К заботе об удовлетворении желания добавлялись еще и тревоги о продолжении рода. Франсуа-Максим очень хотел стать отцом, главой большой семьи и не скрывал от нее этих устремлений; пока не родилась их старшая дочь, Северина не была уверена, что сможет осуществить его мечты, а после того, как родился Гийом, младший из их четверых детей, она уже стала опасаться, как бы случайно не возникло новой беременности. Теперь, наблюдая, как растет их потомство, она знала, что главные свои обязательства перед Франсуа-Максимом выполнила. Но вместо радости ее охватили новые страхи: останется ли она и дальше привлекательной для него? Не бросит ли он ее? Вдруг ее зрелое тело, которое скоро уже не сможет рожать детей, лишится для него очарования? Ей казалось, что для супругов, долго проживших вместе, совершенно нормально перестать испытывать влечение друг к другу, и во время каждого акта она боялась, что он окажется последним. Этот страх отвлекал ее, сбивал с толку, не давал расслабиться… В общем, за пятнадцать лет Северина ни разу не смогла подпустить мужа к своему обнаженному телу без внутреннего трепета.
А с Ксавьерой, как только миновала растерянность, — ей ведь и в голову не могло прийти, что она окажется в постели с женщиной, — она почувствовала себя в безопасности. В Ксавьере было больше чувственности, чем сексуальности, — и Северина прониклась мыслью, что встретила идеальную для себя партнершу.
С Ксавьерой была другая история. Прижавшись к своей возлюбленной, она как бы освобождалась от части самой себя и становилась другим человеком. С Севериной она была очаровательной, смешливой, ласковой и внимательной, сбросив шкурку вечно недовольной брюзги. Если бы соседи рассказали Северине, какой им видится Ксавьера — хамоватой злюкой и скупердяйкой, — она решила бы, что это шутка: ей-то Ксавьера дарила букеты, книги, интересовалась мельчайшими подробностями ее жизни, искрометно шутила и выглядела самой веселой и ненавязчивой подругой, какая только может быть, — если, конечно, не считать той пощечины.

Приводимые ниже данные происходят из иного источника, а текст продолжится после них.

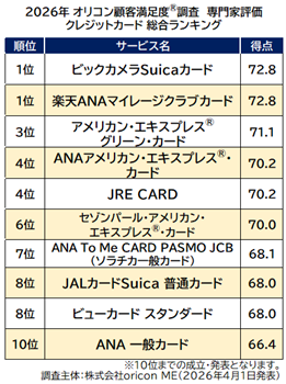 こうした中、オリコン株式会社および株式会社oricon MEが、金融のプロフェッショナルが厳選した「2026年 オリコン顧客満足度調査 専門家評価 個人向けクレジットカードランキング」を発表している。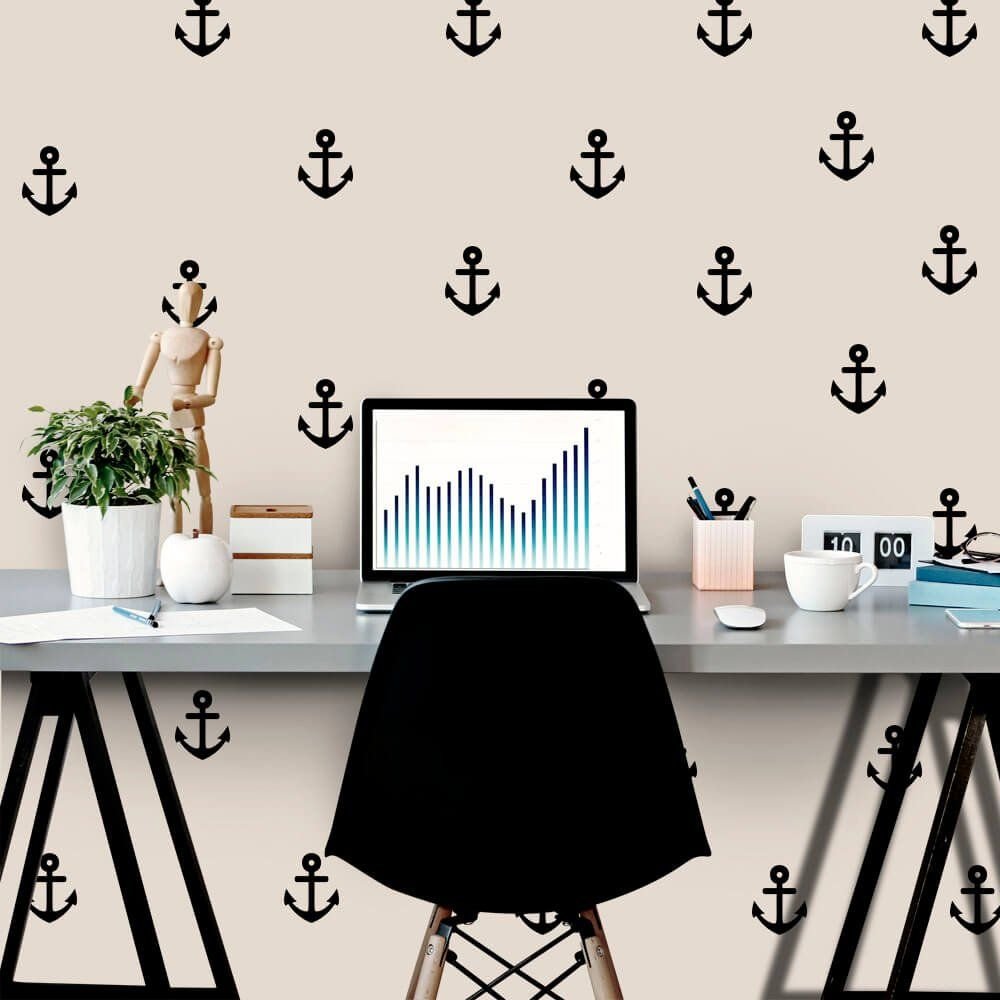 Este modelo, Adesivo de Parede Âncoras, pode ser usado em praticamente qualquer superfície lisa, pode ser utilizado para decorar quarto infantil, sala, sala de estar, sala de tv, cozinha, hall de entrada, quarto de casal, bar, espaço gourmet, cabeceira de cama, escritório, banheiro, box de banheiro, etc...

На самом деле в объятиях Северины Ксавьера отдыхала от самой себя. Ей не очень нравилось, какой она стала: иногда она злилась за это на себя, чаще — на других, особенно на Ориона, который своей беспомощностью, беспечностью, патологической невнимательностью просто вынудил ее сделаться разумной, расчетливой, отвечать за них обоих. Его легкомыслие придавало ей тяжеловесности. Да-да, эта беспечная птичка заставила ее вжиться в новую роль. У нее не было выбора! Если бы она доверила ему дела, они оба уже оказались бы на улице или вообще умерли с голоду… И теперь она злилась на мужа, который заставил ее превратиться в злобную мачеху. К тому же, по какой-то нездоровой внутренней логике, чем осмотрительнее она становилась, тем он был бесстрашнее, чем больше она критиковала людей, тем больше он их расхваливал. Короче, каждый из них заставлял другого глубже погрязнуть в своих недостатках. И ей теперь уже ничего не нравилось в их совместной жизни: ни она сама, ни муж, но все же она пыталась ее сохранить. Зачем? Да просто по привычке. Из лени. Из корысти. Причины, которые какому-нибудь пылкому влюбленному показались бы мерзкими, но Ксавьере они представлялись очень даже убедительными.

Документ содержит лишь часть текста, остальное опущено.